Страшные события 11 сентября 2001 г. в США стимулировали ужесточение дисциплины и косвенно его легитимировали. Равным образом они стимулировали совершенствование механизмов властного контроля. На Западе «11/09» – это начало некоего нового витка дисциплинарной спирали, с известными оговорками – технологический регресс, происходящий, однако, в условиях, когда гражданское общество в целом или в значительной своей части готово к контролю разрастающихся дисциплинарных технологий и даже к противостоянию экспансии властных технологий, к сопротивлению их воздействию.
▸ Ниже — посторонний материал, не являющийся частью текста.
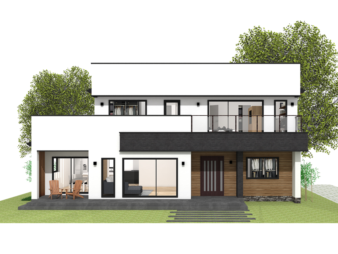 블랙 & 화이트 느낌으로 모던함을 더하고 나무로 포인트를 준 모던 스타일 주택
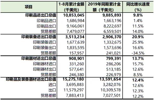 同期,國(guó)內(nèi)印刷器材進(jìn)出口貿(mào)易順差2.46億美元(同比增長(zhǎng)69.5%)。 本期觀察 總結(jié): 2021年1-8月國(guó)內(nèi)印刷產(chǎn)業(yè)相關(guān)商品進(jìn)出口總值持續(xù)保持增長(zhǎng)。與去年同期相比,本期國(guó)內(nèi)印刷品、印刷裝備、印刷器材的進(jìn)出口規(guī)模均已超過(guò)去年同期水平。其中,印刷裝備表現(xiàn)尤為突出(同比增長(zhǎng)50.3%),而印刷器材也表現(xiàn)不俗(同比增長(zhǎng)31.6%),印刷品則表現(xiàn)相對(duì)平緩(同比增長(zhǎng)6.9%)。 本期國(guó)內(nèi)印刷品、印刷裝備、印刷器材進(jìn)口、出口增長(zhǎng)較快的前五位商品類別如下: 進(jìn)口:其他出版物印刷品(+282.2%)、凸版印刷機(jī)(+242.5%)、CTP膠印版材(+224.9%)、其他紙質(zhì)包裝容器(+97.1%)、印刷輔機(jī)和零件(+85.1%); 出口:票證類印刷品(+180.9%)、凹印機(jī)(+77.1%)、印刷輔機(jī)和零件(+73.8%)、絲印機(jī)(+63.0%)、水性噴墨墨水(+60.2%)。 本期,國(guó)內(nèi)印刷品、印刷裝備、印刷器材進(jìn)出口相對(duì)萎縮的商品類別如下: 進(jìn)口:期刊雜志類印刷品(-81.2%)、柔版印刷機(jī)(-38.4%); 出口:其他商業(yè)類印刷品(-36.5%)、辦公類印刷品(-5.5%)。 如果說(shuō)2020年同期國(guó)內(nèi)印刷產(chǎn)業(yè)正處于遭受疫情沖擊后的復(fù)工復(fù)產(chǎn)期,相關(guān)商品的進(jìn)出口處于低谷,用今年的數(shù)據(jù)與之對(duì)比會(huì)有較大的差距(詳見(jiàn)表8),那么,本期數(shù)據(jù)與新冠肺炎疫情暴發(fā)前的數(shù)據(jù)(2019年1-8月)相比又會(huì)如何呢? 印刷品進(jìn)口增長(zhǎng)1.4%,出口增長(zhǎng)11.5%; 印刷裝備進(jìn)口增長(zhǎng)25.9%,出口增長(zhǎng)16.6%; 印刷器材進(jìn)口增長(zhǎng)15.6%,出口增長(zhǎng)12.6%。 上述對(duì)比數(shù)據(jù)表明,截至2021年8月,國(guó)內(nèi)印刷產(chǎn)業(yè)相關(guān)商品的進(jìn)出口貿(mào)易規(guī)模已經(jīng)全面恢復(fù)到了疫前水平,而且多數(shù)商品的進(jìn)出口規(guī)模還有了一定幅度的增長(zhǎng)。 表8 2021/2019年1-8月國(guó)內(nèi)國(guó)內(nèi)印刷品及印刷裝備器材進(jìn)出口對(duì)比
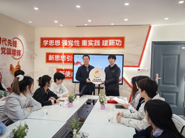 启动仪式上首先由陈涵同学介绍服务站成立的背景。当前,面对大学生思想活跃和价值取向多元等问题,在学生日常活动最重要、交流时长最长的宿舍建立党员服务站既能够及时了解学生思想动态,开展有针对性的思想引领,帮助学生树立正确的价值观,也能够让学生党员深入学生群体,服务同学,提升服务意识,树立党员的良好形象。随后葛桢杰同学对宿舍党员服务站标牌的设计进行了讲解,通过对标牌创新设计的讲解让每一位党员深刻感受到标牌背后蕴含的责任和担当。讲解结束后,第二党支部书记赵毅老师向学生党员进行了授牌,并选定桃9-426、桃16-415为首批挂牌宿舍开展服务站建设。授牌结束后陈涵同学对宿舍党员服务站具体工作职能进行介绍,通过结合其他学校的相关经验和我院学生需求实际,服务站明确了宣传政策、提高素养,热情服务、解决困难,收集意见、联群促通,及时处突、确保安全,组织活动、丰富生活这五项基本职能,努力为同学们提供覆盖思想引领、素质提升、学业指导、困难帮扶、管理服务和文化建设等全方位的服务。随后,土木与交通工程学院党总支书记杨阳老师为男生宿舍和女生宿舍的首任服务站站长颁发了聘书。
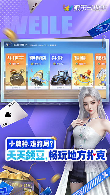 斗地主、掼蛋、跑得快、升级、锄大地、五十K、保皇、八喜牌...... 你想玩的经典玩法这里都有!
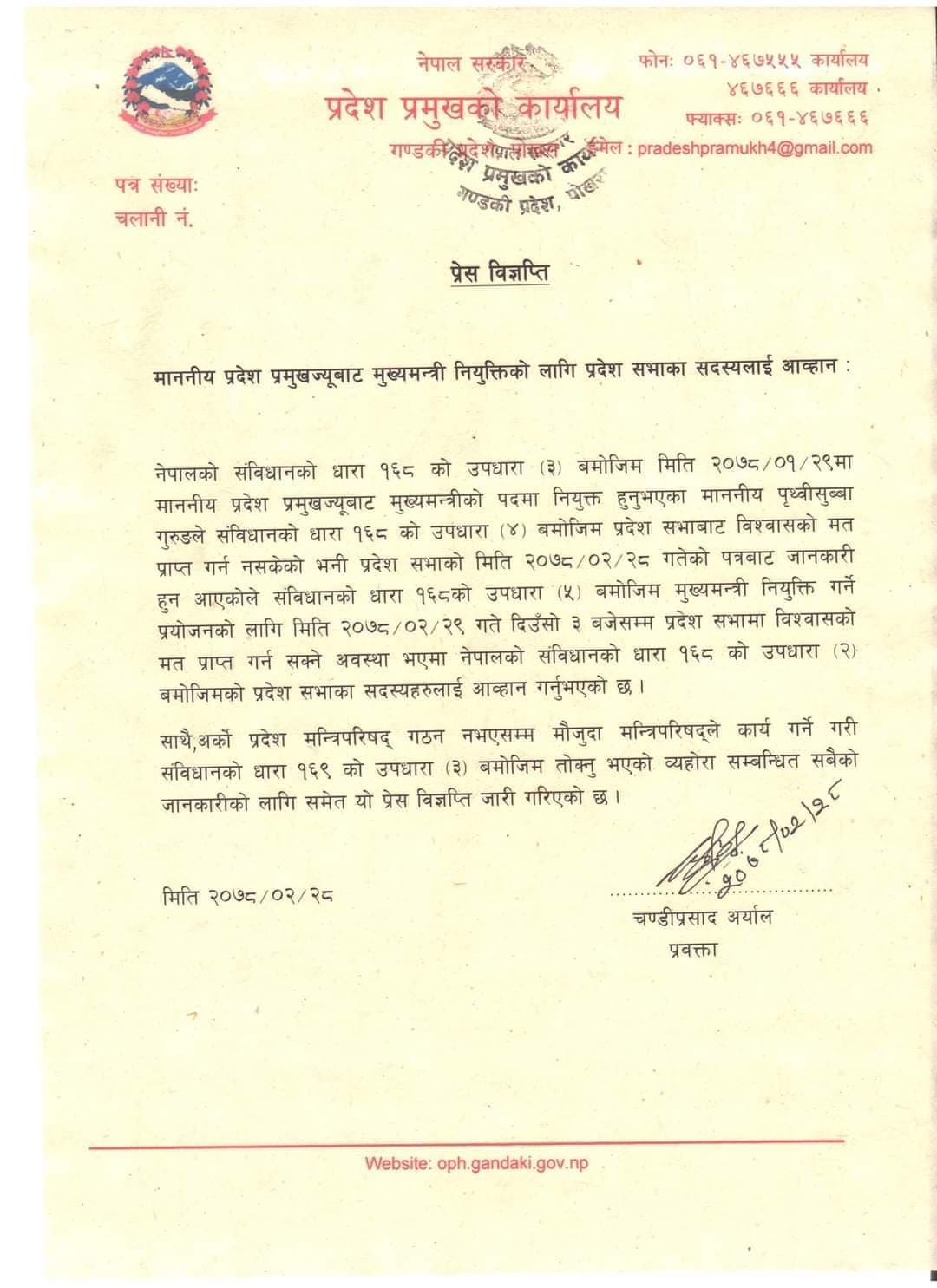 गण्डकीमा २४ घण्टाभित्र नयाँ सरकार गठनका लागि आह्वान गरिएको छ । शुक्रबार प्रदेश प्रमुख पौडेलले संविधानको धारा १६८ (५) बमोजिमको सरकार गठनको लागि आह्वान गरेकी हुन् ।
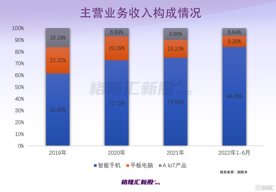 报告期内,公司智能手机业务收入金额及占比逐年上升,是最主要的收入来源。

Однако меня интересует не только и не столько общее направление мирового вектора, сколько специфика России [ В данной статье автор абстрагируется от политического дисциплинирования (что заслуживает отдельного разговора) и анализирует механизмы дисциплинирования чисто социального. ]. В России дисциплина всегда оставалась «недодисциплиной» при господстве механизмов прямого подавления. В классических пространствах дисциплины (школа и армия) дисциплинарные механизмы сосуществовали с достаточно архаичными жесткими бинарными технологиями (типа «цука» и/или «дедовщины») [ См.: Королев С. А. Истоки дедовщины: двухмассовая система как технологическая модель// Философские науки. 2003. №№ 6, 7, 8. ]. Нечто подобное на излете советской эпохи фиксировалось и в коммунальных пространствах (коммунальная квартира, домком, ЖЭК, товарищеский суд и т. д.) [ См.: Королев С. А. Коммунальные структуры переходного времени: власть вне контроля?// Россия и современный мир. 2003. № 2. ].

В России, в отличие от Запада, мы видим повторяющиеся попытки внедрить дисциплину, которая противостоит гражданскому обществу, существует и развивается за счет ограничения прав этого общества – и не встречает массового неприятия. Это обстоятельство и дает нам основания говорить о соблазне дисциплинирования: мы не только не наблюдаем попыток власти осмыслить свои взаимоотношения с гражданским обществом в терминах, адекватных XXI в., и выработать соответствующие механизмы этого взаимодействия, но и фиксируем массовую готовность общества принять дисциплину как род порядка (являющегося одной из базовых ценностей российского социума).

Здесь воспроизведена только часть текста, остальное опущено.